Элий шел по Риму. Рим был абсолютно пуст — ни единой живой души. Хлопало на ветру пурпурное полотнище, натянутое в пролете арки Септимия Севера. Было утро — розовые облака исчиркали небо вдоль. Кроны пиний на Капитолийском холме казались почти такими же черными, как свечи кипарисов. Двери в храм Сатурна, где хранилась римская казна, были раскрыты. Ступени засыпаны бумагой. Элий всмотрелся. Это были документы, выброшенные из табулярия. Только теперь он заметил, что бумаги валяются повсюду, и ветер поднимает их и гонит, как палую листву, по форуму. Вся история Рима была разбросана здесь и уносилась ветром, а Элий смотрел, как листки порхают бабочками под аркой и носятся наперегонки в галерее базилики Эмилия. Ветер закидывал их на крышу курии и на Септимиеву арку, и нес дальше — на форум Цезаря, потом на форум Траяна, и донесет вскоре до театра Помпея и до Пантеона и терм Агриппы, и дальше, дальше, чтобы рассыпать по свету всю невиданную славу Рима, рассеять, развеять и обратить в прах. Элий кинулся собирать страницы — печатные бланки и обрывки старинных пергаментов и папирусов, но они ускользали и летели прочь, их кружение все усиливалось, все крепчал ветер, и уже настоящий бумажный ураган несся по Риму. Небо потемнело, из розовых облака сделались красными. Багровый больной свет заливал пустой город, и в небе над головой не было солнца.
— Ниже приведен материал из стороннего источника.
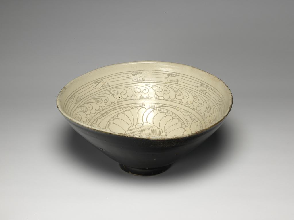 宋代磁州窑白地划花黑釉斗笠碗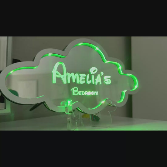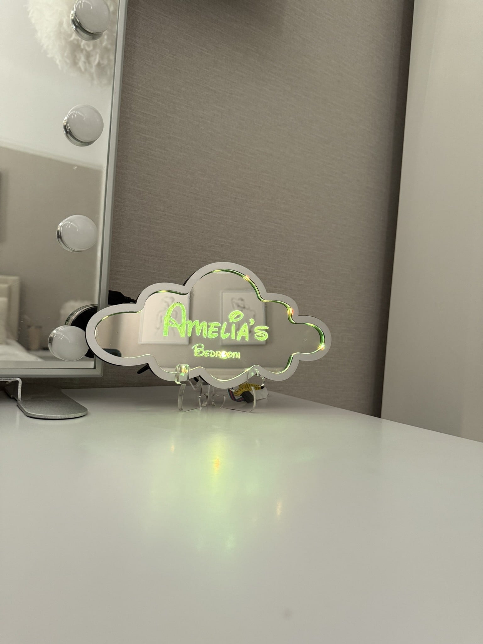Personalised LED Mirror, Cloud Shape, Kids Bedroom Sign, Plaque, Wedding, Office, Perfect Gift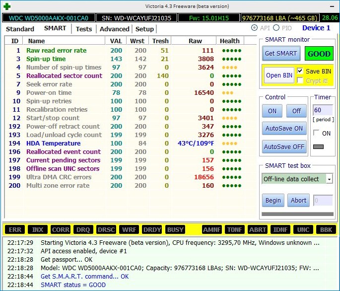 У меня ОС стоит на другом hdd и тест я делал с другого hdd. Вот таблица SMART: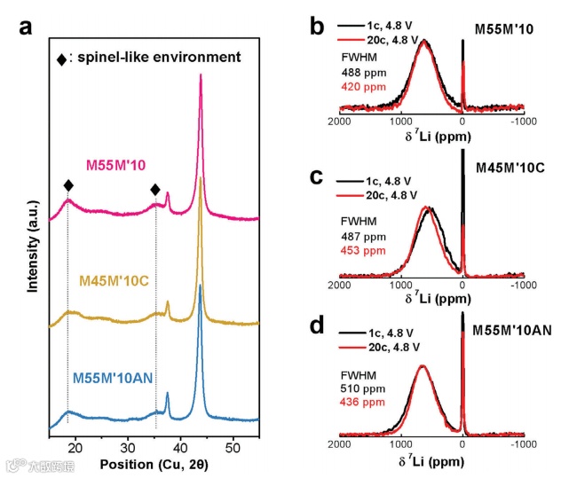 图5. (a)M55M’10,M45M’20和M55M’10AN阴极的非原位XRD谱图;(b)M55M’10,(c)M45M’20和(d)M55M’10AN电极首次及第20次循环后的7Li ssNMR谱图。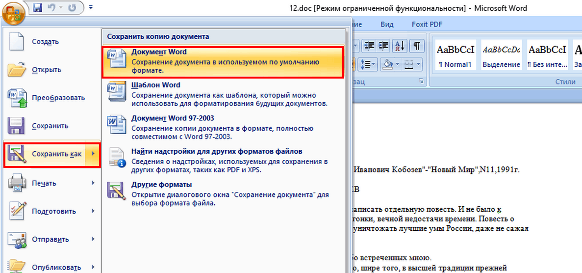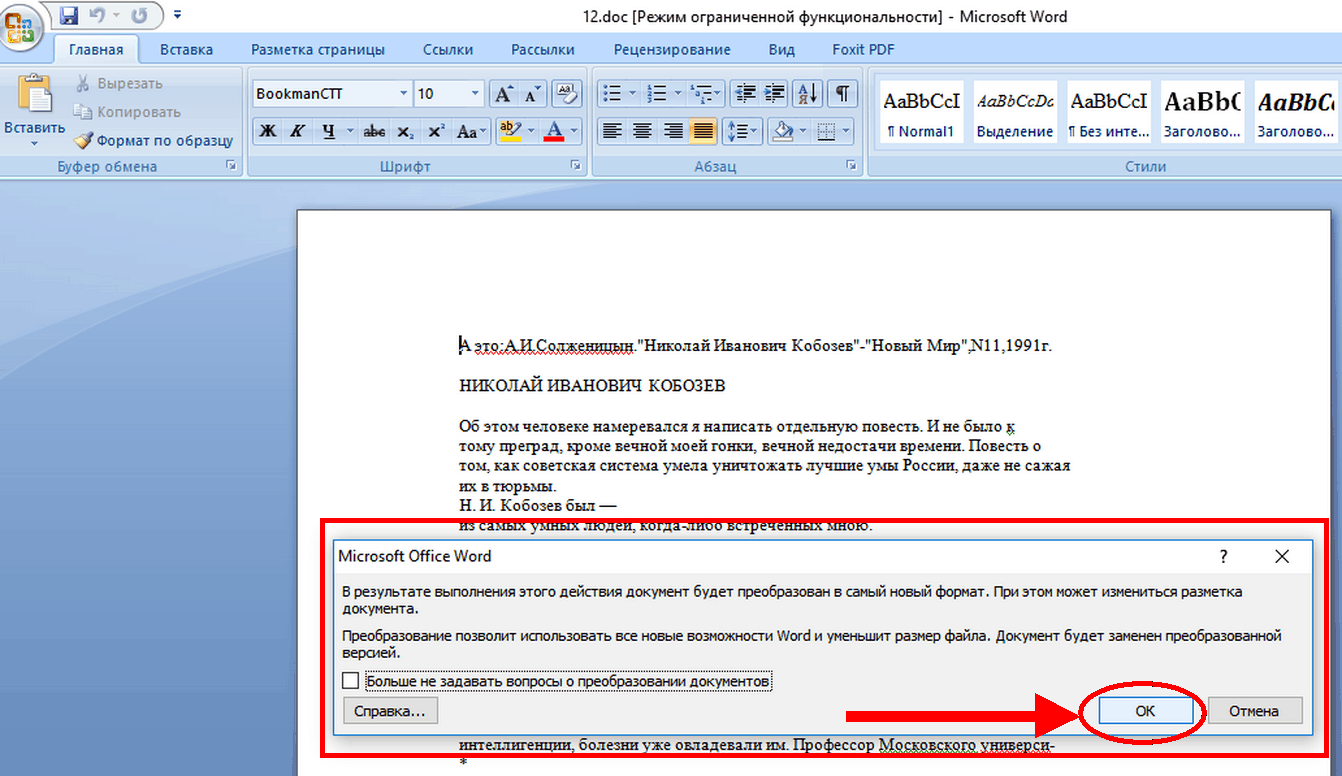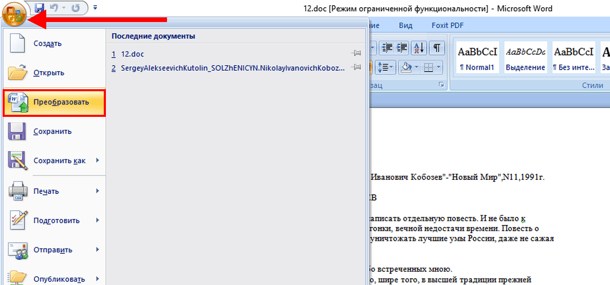 - 2 Як прибрати режим обмеженої функціональності Word 2007: дієві варіанти №1

Элий силился закричать, но не мог — он напрягал голосовые связки, шея разрывалась от боли, и он все же закричал, и испытал ни с чем не сравнимое облегчение, несмотря на острую боль…
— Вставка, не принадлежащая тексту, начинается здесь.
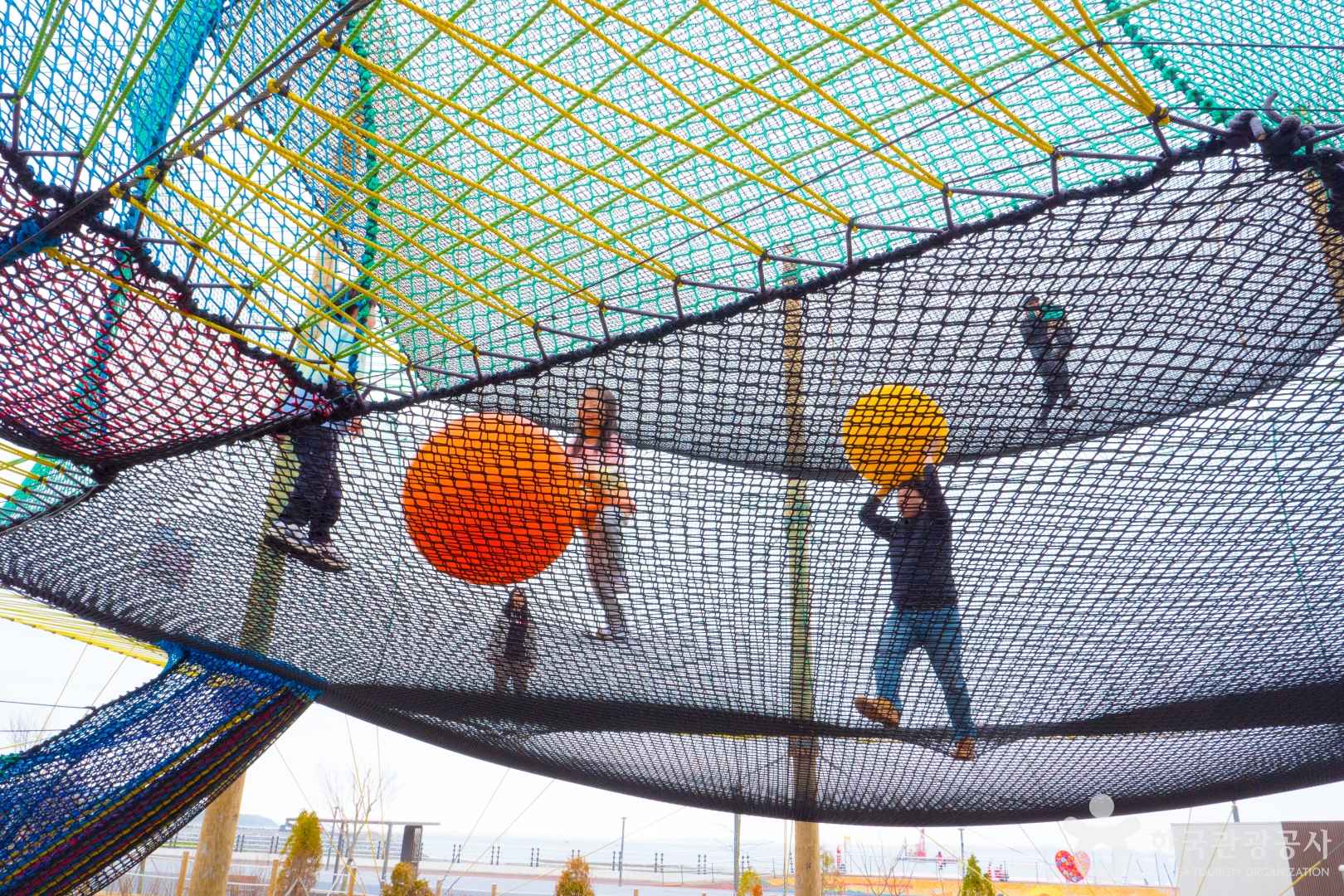 홍성 남당항 수산시장 바로 옆, 해양분수공원 끝자락에 위치한 네트어드벤처는 층층이 쌓인 색색의 그물 구조물이 인상적인 국내 최초 해양형 어드벤처 시설입니다. 프랑스 요트 선수 세드릭 쇼바우드가 고기잡이용 네트와 매듭 기법을 활용해 만든 독특한 공간으로, 아이들은 물론 어른들까지 꿈꾸던 해양 요새 속 모험을 실현할 수 있습니다.

И проснулся и сел на кровати, глядя в непроницаемую черноту ночи. Он тяжело, судорожно втягивал в себя воздух, будто боялся, что каждый вздох может оказаться последним. Элий ощупал шею — она все еще болела, — и пальцы наткнулись на бинты. Повязка охватывала часть груди и плечо. Он был ранен… Да, кажется, в него попала стрела. Элий огляделся. При слабом свете масляного светильника различил ряд кроватей и спящих людей. Желтые пятна лиц, белые пятна бинтов. Он в госпитале. Все в порядке… Элий хотел было лечь, но… что-то его встревожило. Элий пока не мог понять что. Прежде всего — это не госпиталь Нисибиса: он много раз бывал там и помнил маленькие его комнатки. Это не Нисибис — с каждой минутой Элий чувствовал это все отчетливее. Он поднял руку и нащупал коротенькую бородку. Именно не щетину, которая колет ладони, а бородку. Между тем он помнил отчетливо, что в то последнее утро, когда был ранен, он брился. Страх ледяной иглой прошил его тело. Элий откинулся на подушку, прижал руки к груди, пытаясь унять прыгающее лягушкой сердце. «Я в Антиохии», — попытался убедить себя, хотя ничто не намекало на это. Но где же ему быть, как не в Антиохии: Руфин пришел на помощь, снял осаду с Нисибиса и велел перевезти раненого Цезаря в Антиохию…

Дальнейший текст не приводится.